In the event, Mr. Dreighson was delighted when an unknown lady—a well-bred woman of quiet demeanor and modest dress—called upon him at Castlegate Hall one day and offered to sell him an antique golden earring, with the suggestion that if he were interested, several similar pieces might be available, the price to be negotiated. The earring’s workmanship being quite extraordinary and Dreighson, being confident that it was without a doubt the real thing, handed over the money without demur, expressing an enthusiastic interest in the remainder of the collection.
Within a few days, he received a letter describing the pieces in detail and quoting a price for the whole. While the amount was high enough to raise Dreighson’s eyebrows, he was not the sort of man to quibble when it came to something he wanted as badly as he wanted this. Arrangements were made, the required amount was deposited, in cash, in the designated London bank, and the collection—a dozen pieces of great beauty and rarity—was safely settled in Dreighson’s capacious private vault.
And there it might have safely remained, if Rupert Dreighson had not been a braggart. He could not resist the temptation of showing off his newly acquired treasures to a friend from London, who had come for a weekend’s fishing to Castlegate Hall. A few days later, the friend happened to bump into Lord Charles Sheridan, and casually mentioned that a chap in Oxfordshire had privately got his hands on something rather remarkable, which—dash it all—had not come up for auction so others might’ve had a go at it. Charles, who had heard a whisper of rumor about the Warrington Hoard going missing, made a discreet inquiry at the Ashmolean, and Buttersworth was forced to admit the theft.

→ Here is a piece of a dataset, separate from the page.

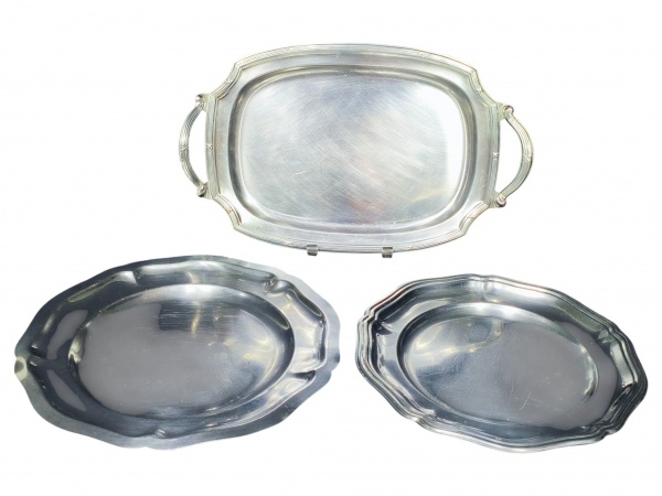 • AÇO INOX - Lote com (3) peças confeccionadas em aço inox sendo (2) travessas redondas e (1) bandeja retangular da manufatura wolff , medida da peça maior : 32 cm e medida da peça menor : 29 cm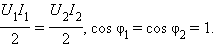 Знак минус означает, что напряжения u 1 и u 2 находятся в противофазе, также как и токи J 1 и J 2 в обмотках. Поэтому фазовый сдвиг φ1 между напряжением u 1 и током J 1 в первичной обмотке равен фазовому сдвигу φ2 между напряжением u 2 и током J 2 во вторичной обмотке. Если нагрузкой вторичной обмотки является активное сопротивление R н, то φ1 = φ2 = 0. Для амплитудных значений напряжений на обмотках можно записать:

The next bit of business proved surprisingly easy. Under the guise of having a gold Celtic bracelet to sell, Charles arranged an introduction to Mr. Dreighson and talked his way into the Castlegate vault. Then, armed with the Ashmolean’s catalog and documentary photographs of the Warrington Hoard, he confronted Dreighson, who gave him a cock-and-bull story about buying the lot from a pair of navvies who had turned it up while digging a drain in a field in Essex. But the story soon fell apart and the truth about the clandestine purchase emerged.

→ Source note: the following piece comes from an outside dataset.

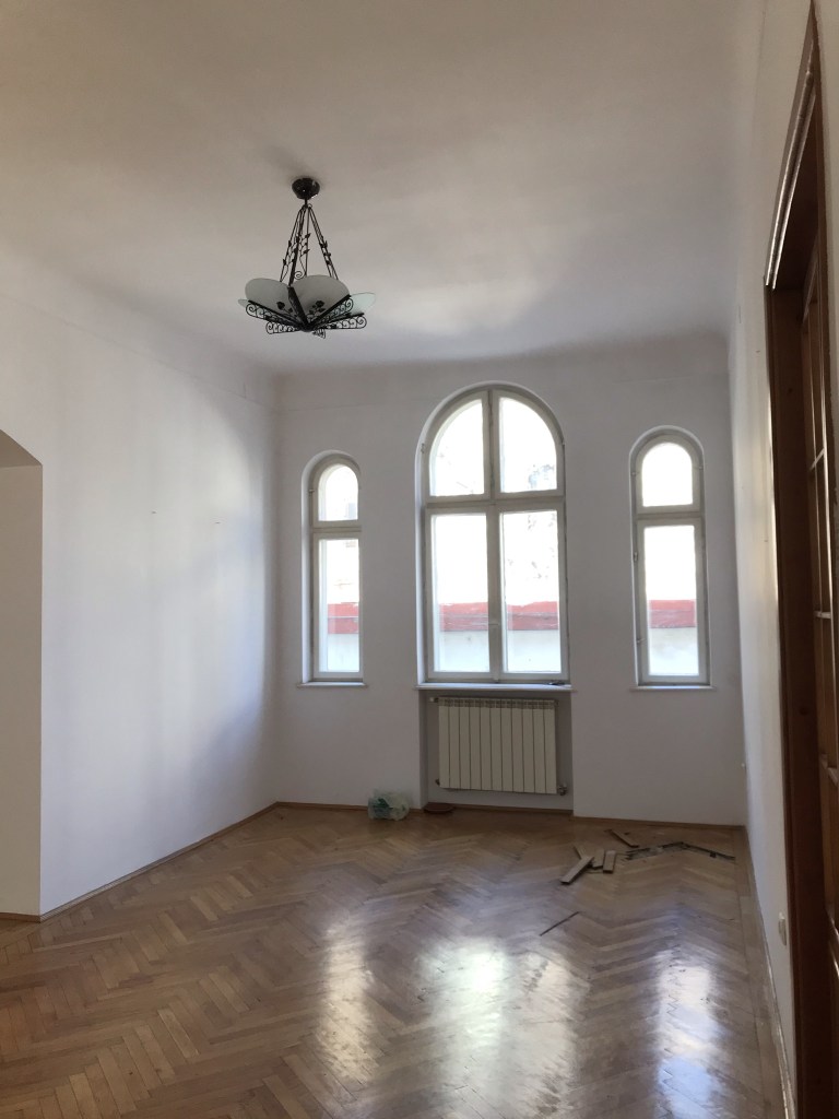 Proiectul a durat doi ani și a presupus renovarea unui apartament situat într-o clădire în stil neoromânesc din zona străzii Polone, din Capitală. Apartamentul are o suprafață de 150 metri pătrați și o compartimentare circulară. Este compus din cinci încăperi: bibliotecă, living, dining, birou, dormitor, bucătărie, două băi și spații de depozitare. Șantierul a durat destul de mult, fiind vorba de un apartament construit în anul 1939 care a avut nevoie de reparații capitale. Bugetul a fost de aproximativ 100.000 euro.

Dreighson, of course, claimed that he had not had an idea in the world that the pieces were stolen property, that he had purchased them fair and square, and that they were his. But a visit from the museum’s solicitor persuaded him of the wisdom of returning the items in exchange for the addition of his name to the patron’s list—a distinction that would polish Mr. Dreighson’s prestige quite brightly indeed, and allow him to shine like a star among all the other retired drapers in the kingdom.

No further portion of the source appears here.